Beda Masa, Perjuangan Penjual Souvenir Khas Papua di Pasar Hamadi di Tengah Lesunya Ekonomi Daerah
Sebelum adanya Pandemi Covid -19 dan Pemekaran DOB Papua, penjualan suvenir khas Papua masih menggeliat, tapi kini terjun bebas, seolah suvenir khas Papua tidak lagi diminati. Lalu bagaimana upaya penjual souvenir khas untuk kembali menghidupkannya?
Laporan: Priyadi_Jayapura
Deretan toko suvenir khas Papua di depan Pasar Sentral Hamadi, Jayapura, kini tampak lengang. Dulu, deru langkah wisatawan lokal dan mancanegara memadati lorong pertokoan itu. Selalu ramai dan menjadi satu tujuan olah-olah Papua ketika itu. Kini, yang terdengar hanya suara pedagang yang sabar menunggu pembeli kadang hingga sore tanpa satu pun transaksi.

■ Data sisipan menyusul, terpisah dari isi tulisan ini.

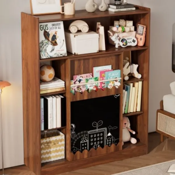 【Multifunktionell användning】 Med en inbyggd griffeltavla för att skriva och rita, låter den barn fånga idéer direkt och utveckla sina konstnärliga färdigheter medan de läser. Perfekt för vardagsrum, kontor eller studierum, den smälter sömlöst in i alla rum. Dess moderna design och rena linjer kompletterar olika inredningsstilar, vilket gör den till en praktisk och idealisk förvaringslösning för alla utrymmen.
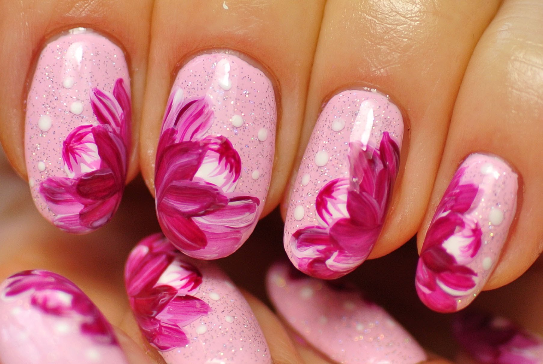 Если у женщины длинные ногти, то ей стоит отдать предпочтение нежному и женственному маникюру с розами и серебряными блестками.
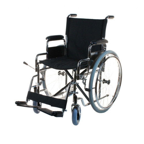 Инвалидная коляска с прочной стальной рамой, покрытая хромом, легко складывается и обладает всеми необходимыми функциями для комфортного пересаживания.
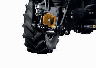 El robusto eje delantero de alta resistencia, desarrollado y construido específicamente para esta clase de tractores, está equipado con frenos de
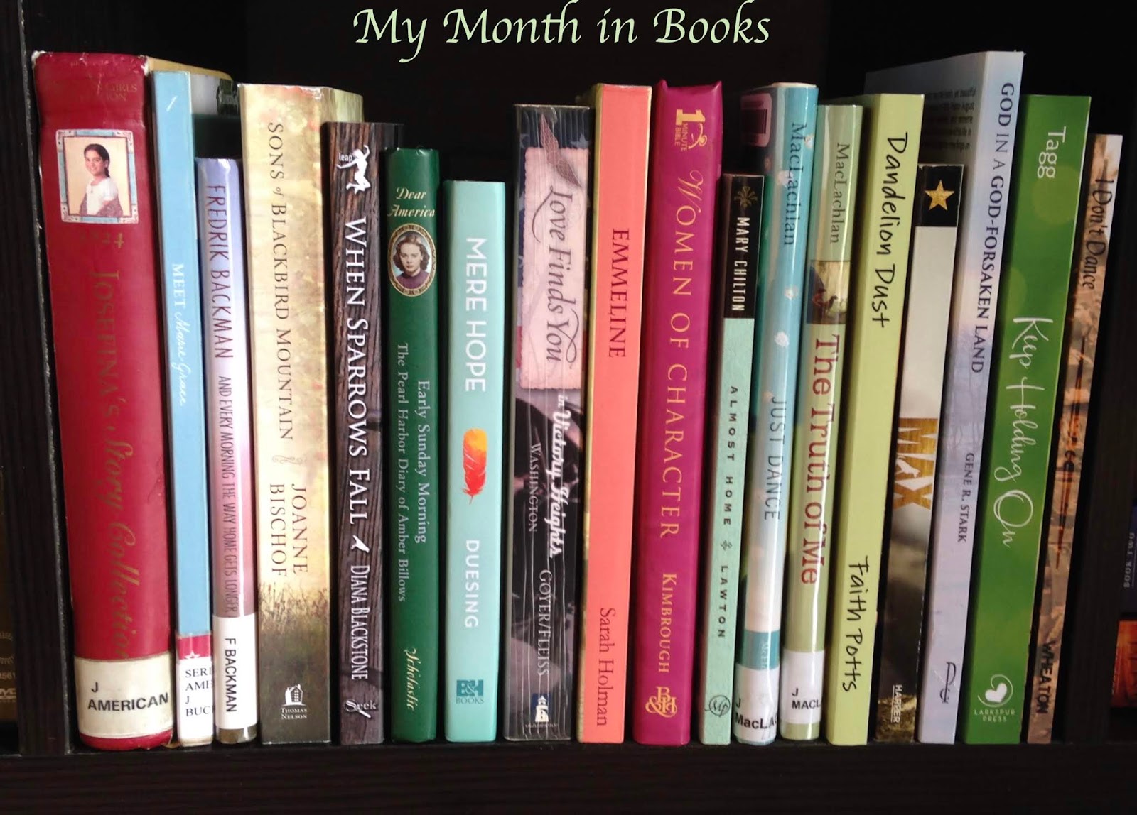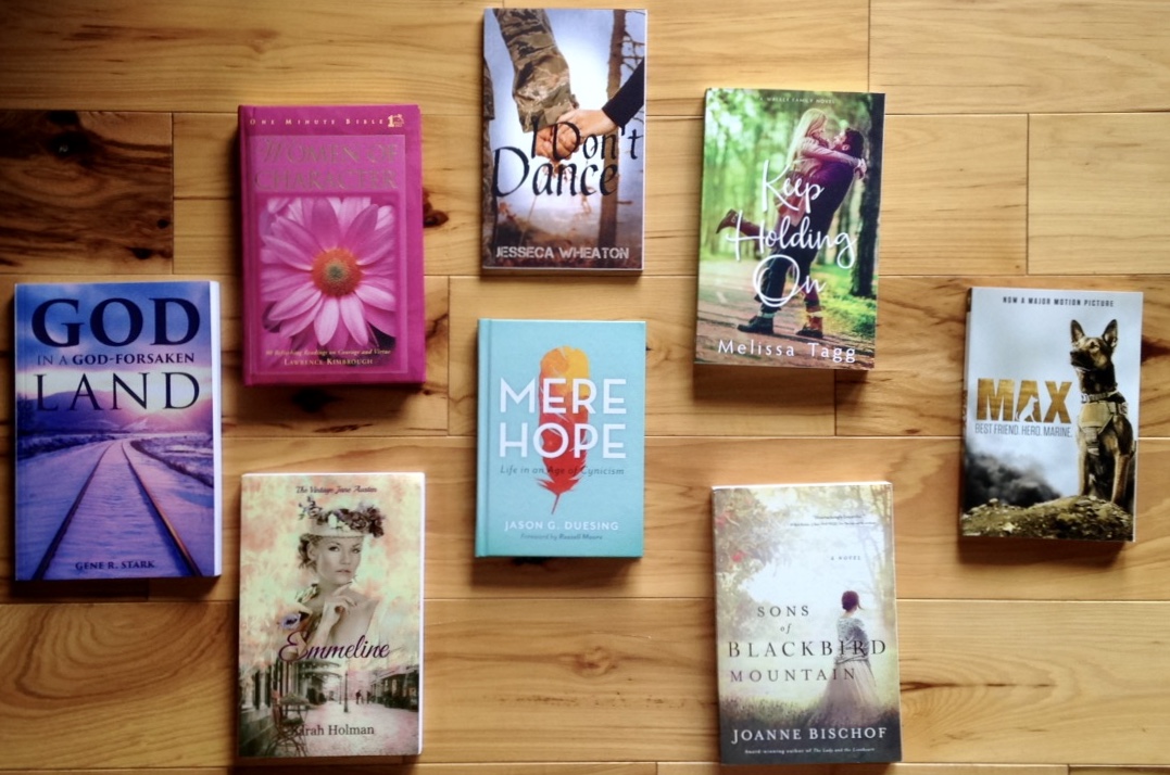 God in a God-forsaken Land by Gene Stark -- review bookWoman of Character compiled by Lawrence Krimbough -- giftEmmeline by Sarah Holman -- gift from a friend I Don't Dance by Jesseca Wheaton -- gift from a friend Mere Hope by Jason Duesing -- review bookKeep Holding On by Melissa Tagg -- gift from a friend Sons of Blackbird Mountain by Joanne Bischof -- CBD Max by Jennifer Li Shotz -- Barnes & Noble
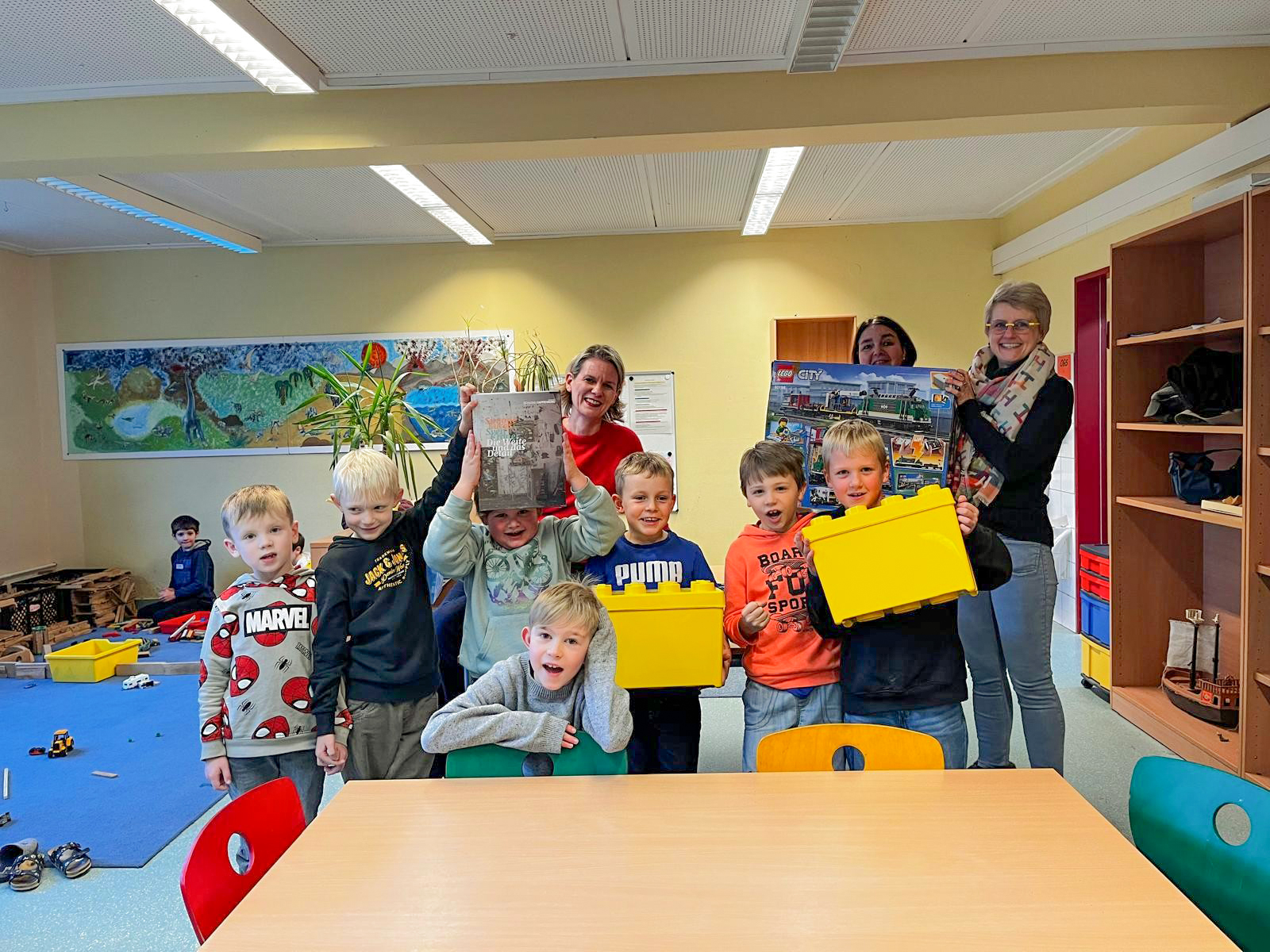 Brandon, Lucian, Ben, Lias, Michel, Julian und Aurelio freuen sich über die Lego-Spende des Kreises Unna, die Marion Freitag und Ulrike Mahltig (r.) an die Kinder und die OGS-Leitung Bettina Friemoth (2. v. r.) überreichten. Foto: Sonnenbergschule
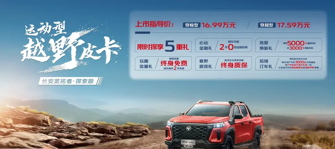 隨著長(zhǎng)安覽拓者拖掛版的推出,長(zhǎng)安開啟了面向皮卡產(chǎn)品多元的戰(zhàn)略布局,其中長(zhǎng)安覽拓者探索版為進(jìn)一步回饋廣大消費(fèi)者,進(jìn)行了本月的銷售活動(dòng)。
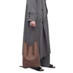 The bag’s handles are designed for comfort, allowing it to be worn over the shoulder or carried by hand. The absence of any visible logos or embellishments highlights the brand’s focus on quality craftsmanship and material rather than overt branding. This tote bag is available in a range of neutral tones, making it versatile and easy to pair with various outfits.
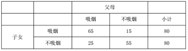 1、为了研究父母吸烟对子女吸烟是否有显著性影响,随机调查了160名青少年及其家长,数据如下表所示,试问:子女吸烟与父母吸烟之间是否存在某种联系(df=l,X20.05=3.84,结果保留到小数点后两位数)
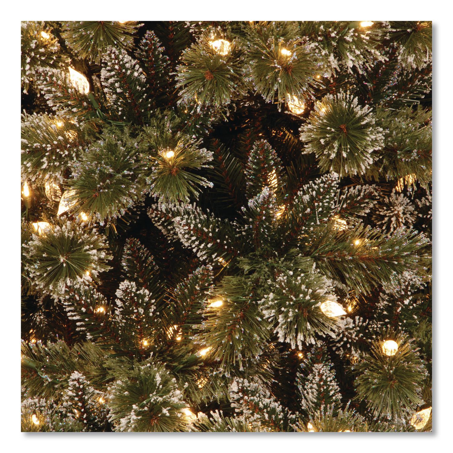The Glittery Bristle Pine Slim is a mixed branch tree featuring sparkled bristle and slim profile that’s great for display in areas with limited floor space. It is pre-strung with warm white low voltage LED lights that are energy-efficient and long lasting. This tree features hinged branch construction for ease of assembly. Sturdy metal tree stand is included. Plant Type: Pine; Plant Color: Green; Color Family: Green; Frosted: No.
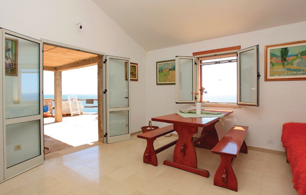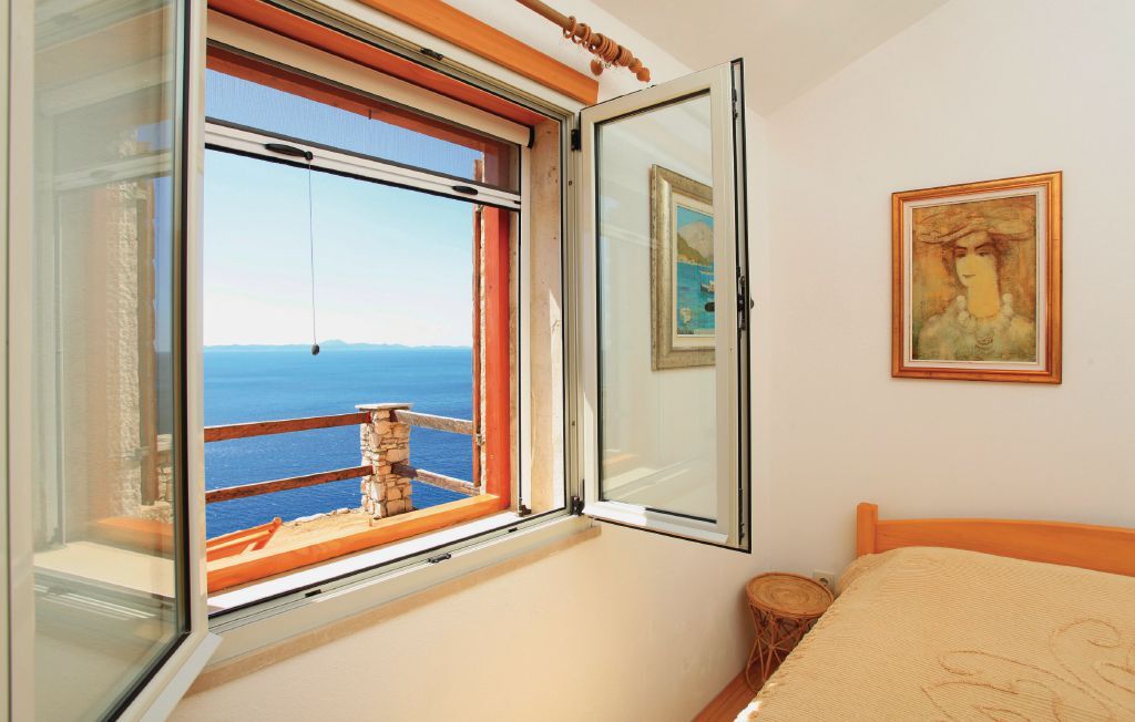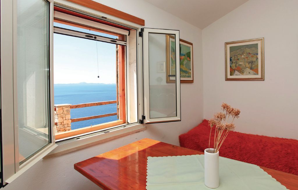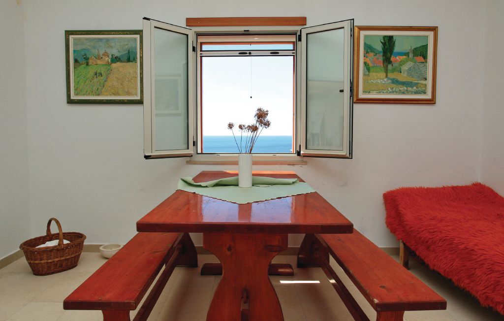 Cette petite maison de vacances traditionnelle attend ses hôtes dans un cadre idyllique sur une pente. De là, vous avez une vue panoramique à couper le souffle sur la mer et les îles de Mljet et Lastovo, l'ambiance de vacances s'installe quasiment d'elle-même. L'alimentation en électricité est assurée par l'énergie solaire, l'eau par une citerne. La maison isolée au milieu de la nature offre une tranquillité totale, vous êtes loin du bruit et de l'agitation de la ville, mais vous êtes quand même à portée de Zrnovo et à environ 20 minutes en voiture de Korcula et de ses manifestations culturelles. Le chemin qui mène de la maison à la route principale n'est pas asphalté.

Disalahsatu gerai bernama Asmat Jaya, Haji Anto duduk di depan etalase berisi patung ukiran kayu, topi bulu kasuari, dan noken warna-warni. Ia menatap dagangannya yang sebagian besar didatangkan dari Merauke, Wamena, bahkan ada juga yang diperoleh dari Papua Nugini (PNG). Bentuknya seperti ukiran patung.
“Dulu bisa dapat lima juta sehari, sekarang dapat lima ratus ribu saja sudah syukur,” ucapnya pelan, Selasa (7/10), kemarin. Menurutnya, penurunan penjualan mulai terasa sejak adanya pemekaran provinsi baru di Tanah Papua. Pembeli dari luar daerah seperti Merauke, Timika, dan Wamena yang dulu rutin berbelanja ke Jayapura, kini lebih banyak berputar di wilayahnya masing-masing.
“Sekarang orang dari DOB itu tidak belanja ke sini lagi. Dulu mereka datang urus barang, sekalian beli oleh-oleh. Sekarang semua punya wilayah sendiri,” ujarnya. Ia juga menilai, lesunya ekonomi Jayapura tak lepas dari belum adanya Gubernur Papua definitif yang menyebabkan perputaran uang di daerah belum berjalan optimal.